What truly distinguishes Google, Airbnb, Spotify, Vinted or Amazon as world-class product companies? This talk goes beyond the conventional “agile” framework to explore how these organizations create a seamless flow across discovery, delivery, and innovation, ensuring that impactful products are delivered consistently.
This session provides a behind-the-scenes look at how these companies create a continuous, harmonious flow between product discovery, delivery, and innovation. Whether you’re a product manager, engineer, designer, or anyone involved in product development, you’ll leave with actionable insights to optimize your own processes and foster a smoother, more effective flow within your team and organization
learning pipeline != delivery pipeline
Product is not a list of tickets in Jira, it is not a roadmap to execute
The Nervous System
- product and tech monitoring, a must
- algorithms detecting abnormal behaviours and triggering alerts, pushing it to the team
- Product Team = EPDA, owning E2E responsibility
- discovery + delivery = one flow, one team
if the nervous system deteriorate, we loose sight of the customer, and we die
The Immune System
- innovation is risky, it can be letal
- industrialise testing, monitoring and rollback
- actively remove non-performing feature: no value, no keep
-> strong deployment pipeline, trunk-based development
Amazon actively removes features that have an impact on business KPI, if there is a drop, there is a kill
we do not want to keep something in the system that is not useful, they will rotten
one refacto a day, keeps doctor at bay
Because innovation is not just about launching new things, it’s about making sure what we have launched can survive
The Circular System
- a living Product doesn’t feed on Quarterly reporting
- connect dots and folks: free flow of data and intelligence
- data comes to us, we don’t have to chase it
- automate alerts, make sure they arrive in Slack
- dashboards should be available for everyone
- delivery is not the end, but the beginning of real work
- accept silos but fight kingdoms
- if there are human beings, there will be silos, but avoid kingdoms, people defending and deciding about one piece
Control Room
kill switch = maturity
it’s not fear of failure
it’s how you fail well and move on
the goal is not to ship perfection
every team can shut down a feature without requiring VP approval
cold review
- what have we learned
- what did we measured that surprised us
- what beliefs turned out to be false
- how these learnings are going to affect our next experimentations
3 fatal illusions
1 we do discovery, we talked to users
that is good, but not sufficient
there is a slight difference between what users say and what they do
real behaviours trumps declarations every single time
test if people really use it by faking it, with a human behind
2 we are great at delivering, we ship a lot and fast
super good, but does it change anything for the humans that are paying your services and that you are counting on
if not, it does not make the difference
each delivery should be attached to a hypothesis and link that to a business KPI
velocity and productivity are useless if they do not impact the business curve
3 we have OKRs to guide us
well done, except if OKRs are based on output
Antidote: reprogram your Product Operating Model (POM)

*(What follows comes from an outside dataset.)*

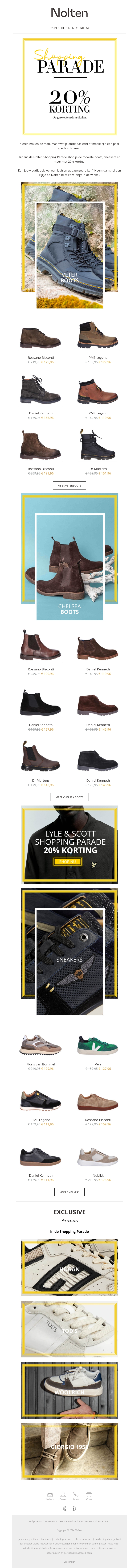 Beleef de Shopping Parade voor heren met een aantrekkelijke korting van 20%. Van stoere boots tot elegante schoenen, er is voor ieder wat wils. Daarnaast vind je ook Lyle & Scott mode-items om je look compleet te maken. Mis deze kans niet om je garderobe aan te vullen met kwaliteitskleding en accessoires. Profiteer nu van deze aanbieding en vernieuw je stijl.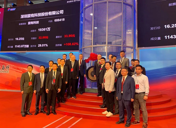 見圳客戶端·深圳新聞網(wǎng)7月24日訊 7月22日,科創(chuàng)板開市一周年的重要時刻,浦發(fā)銀行深圳分行又一家科技金融客戶迎來了發(fā)展歷程中的里程碑時刻。深圳震有科技股份有限公司(股票代碼:688418,股票簡稱:震有科技)首次公開發(fā)行A股并在科創(chuàng)板掛牌。上市首日,震有科技開報32元/股,股價最高漲幅超過190%,市值超90億元。

it is not much about culture and leadership
it is the passion for product, they really understand tech
if your business relies heavily on tech
then tech == business
then this is the way to grow it and sustain it
Period.
5 actions to reboot your POM
- delivery = experimentation, not implementation
- each “feature” = an hypothesis clearly stated + target metrics + a test protocol
- product teams = minilabs gathering EPDAs + full access to data + clear vision of the problems to solve + ownership to solve them
- refuse to scale something without having clear positive signals
- stop delivering stuff that do not have impact on business
- practice “Anti Roadmap” Quarterly Reviews to kill any low performing feature => no value, no stay
and Bonus tip
- stop the nonsense with Discovery >< Delivery, Engineers are not here “just to code”
best teams have engineers thinking from day one about customer problems engineers just coding is loosing money
What if you stopped delivering, to finally start learning your business?